Every record is to be copied unchanged, except that its pictures are removed.

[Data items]
::::::::

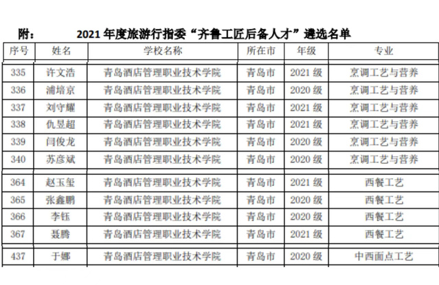 本网讯(烹饪学院 赵捷)近日,山东省旅游职业教育行业教学指导委员会公示了2021年度旅游大类“齐鲁工匠后备人才”培育对象遴选名单,全省共有440名学生被列为培育对象,威廉希尔官网烹饪学院11名学生入选。
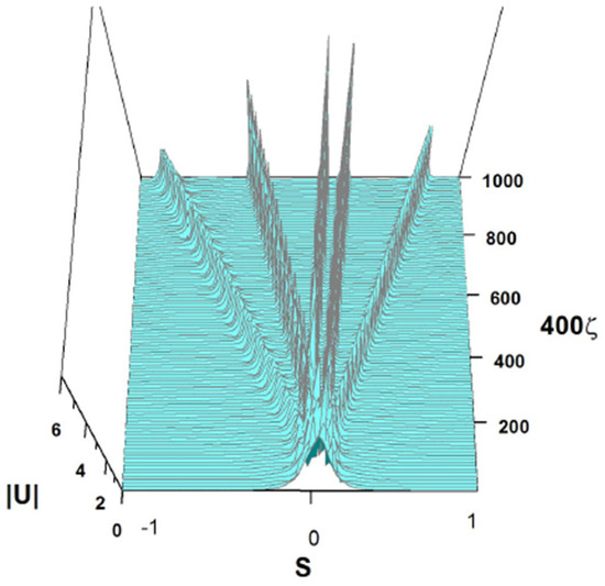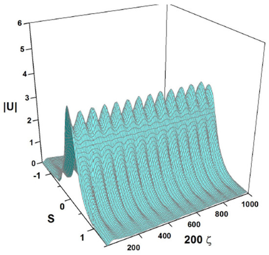 Splitting of a single pulse into multiple solitary waves is possible too. A typical example of this type is displayed in Figure 28, where the initial pulse is fragmented into five solitons with weak internal oscillations. In this case, the coefficients of Equation (7) are the same as in Figure 24, i.e., they are given as per Equation (54), and the input is as follows:
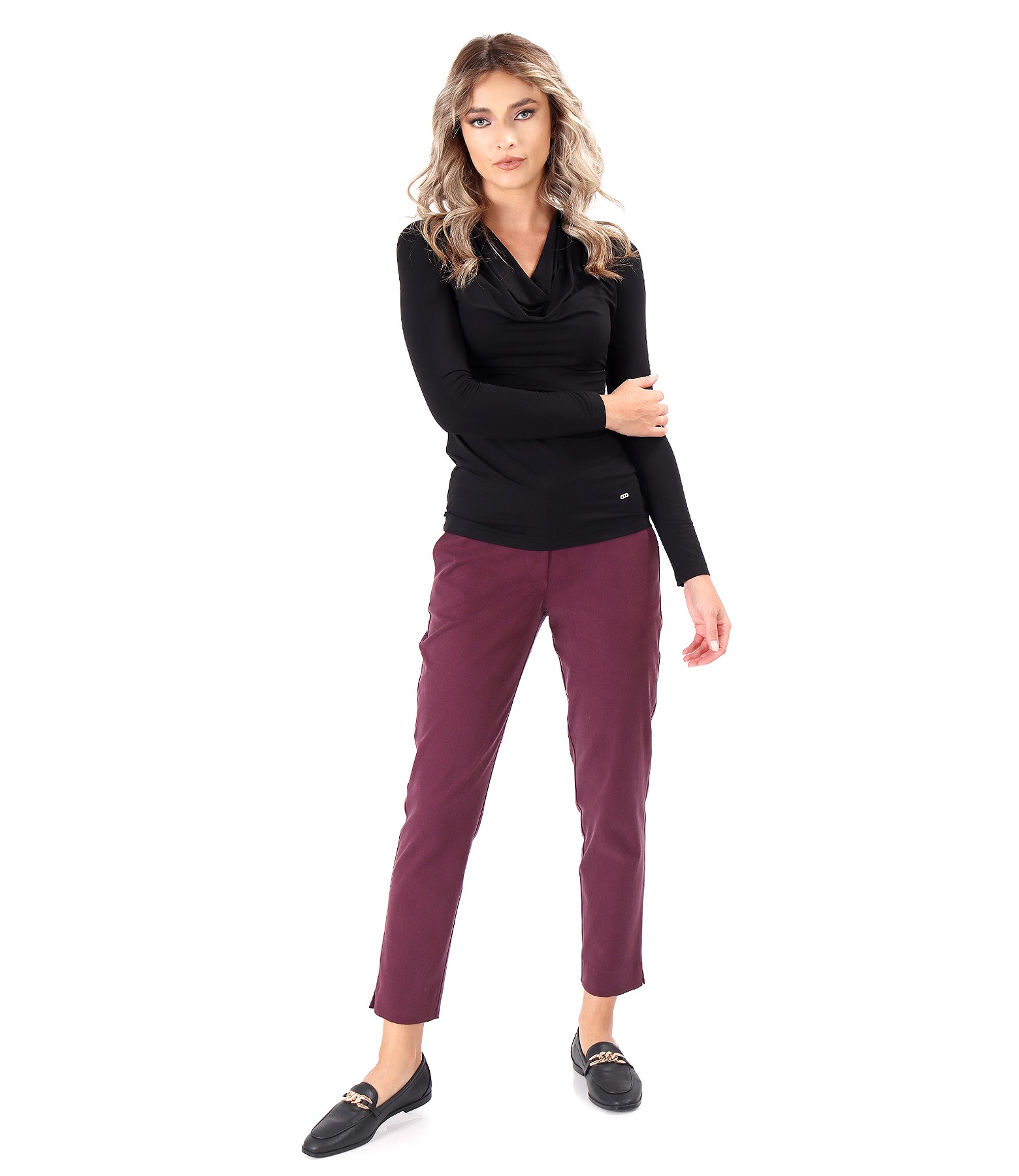 Bluza din jerse elastic cu decolteu in falduri (Negru), marimea
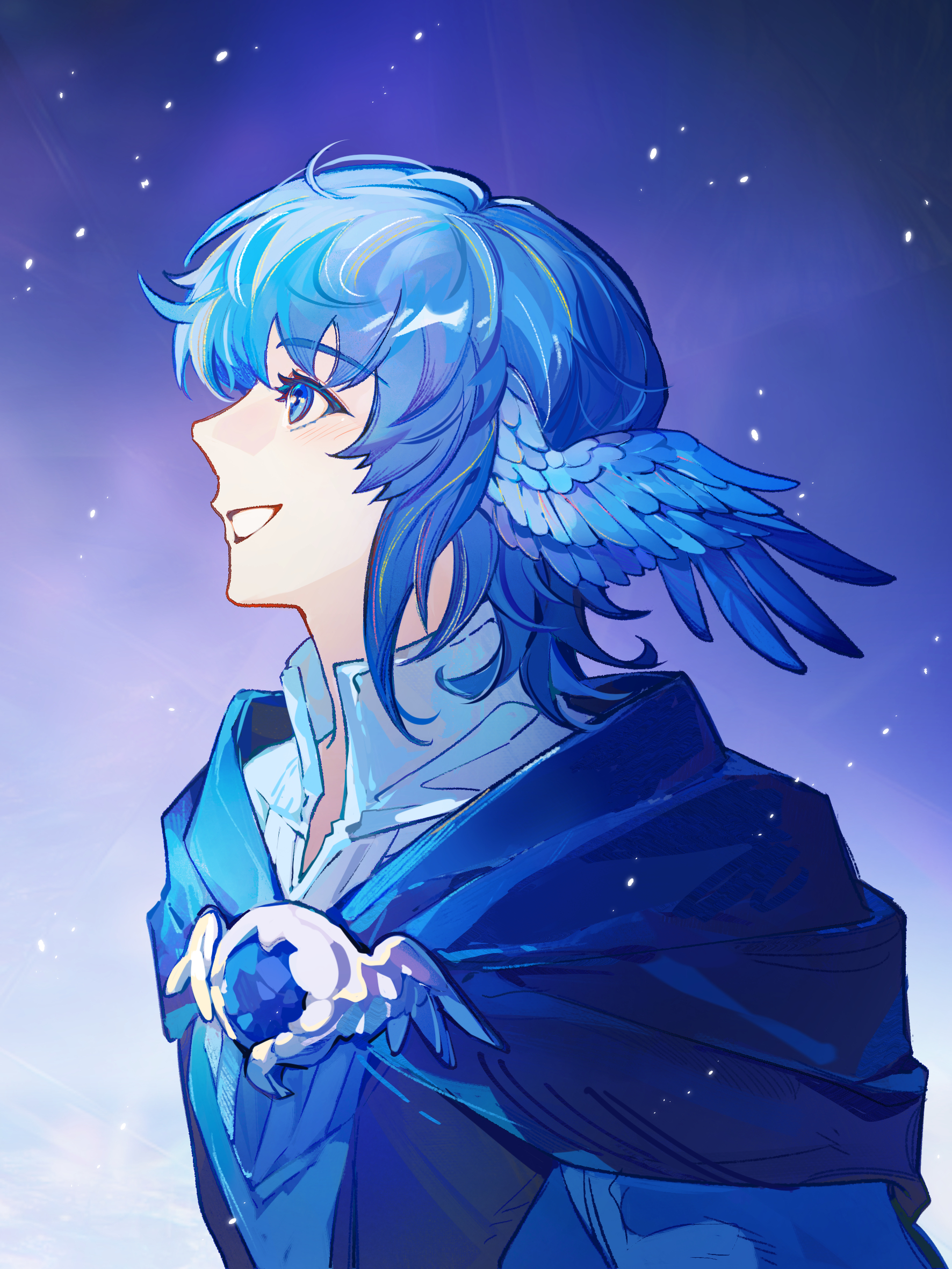 1girlbird wingsblue capeletblue eyesblue hairbroochcapeletfeathered wingsfrom sidehead wingsjewelryprofileshort hairskysmilesolostar (sky)starry skyupper bodywings
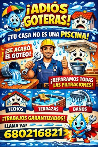 *¡Protege tu Hogar! 🌟* Mantenimiento Preventivo de Tejados, Impermeabilizaciones, Limpieza de Canalones y Eliminación de Goteras ¿Quieres evitar problemas costosos y garantizar la seguridad de tu familia? Nuestro equipo de expertos ofrece servicios integrales para mantener tu tejado en perfecto estado: - *Mantenimiento Preventivo de Tejados*: Inspecciones a fondo y reparaciones para evitar daños mayores. - *Impermeabilizaciones*: Protege tu hogar de filtraciones y humedad. - *Limpieza de Canalones*: Elimina obstrucciones y asegúrate de que el agua fluya correctamente. - *Eliminación de Goteras*: Soluciones efectivas.663851778

::::::::

Response to this task.
 本网讯(烹饪学院 赵捷)近日,山东省旅游职业教育行业教学指导委员会公示了2021年度旅游大类“齐鲁工匠后备人才”培育对象遴选名单,全省共有440名学生被列为培育对象,威廉希尔官网烹饪学院11名学生入选。
 Splitting of a single pulse into multiple solitary waves is possible too. A typical example of this type is displayed in Figure 28, where the initial pulse is fragmented into five solitons with weak internal oscillations. In this case, the coefficients of Equation (7) are the same as in Figure 24, i.e., they are given as per Equation (54), and the input is as follows:
 Bluza din jerse elastic cu decolteu in falduri (Negru), marimea
 1girlbird wingsblue capeletblue eyesblue hairbroochcapeletfeathered wingsfrom sidehead wingsjewelryprofileshort hairskysmilesolostar (sky)starry skyupper bodywings
 *¡Protege tu Hogar! 🌟* Mantenimiento Preventivo de Tejados, Impermeabilizaciones, Limpieza de Canalones y Eliminación de Goteras ¿Quieres evitar problemas costosos y garantizar la seguridad de tu familia? Nuestro equipo de expertos ofrece servicios integrales para mantener tu tejado en perfecto estado: - *Mantenimiento Preventivo de Tejados*: Inspecciones a fondo y reparaciones para evitar daños mayores. - *Impermeabilizaciones*: Protege tu hogar de filtraciones y humedad. - *Limpieza de Canalones*: Elimina obstrucciones y asegúrate de que el agua fluya correctamente. - *Eliminación de Goteras*: Soluciones efectivas.663851778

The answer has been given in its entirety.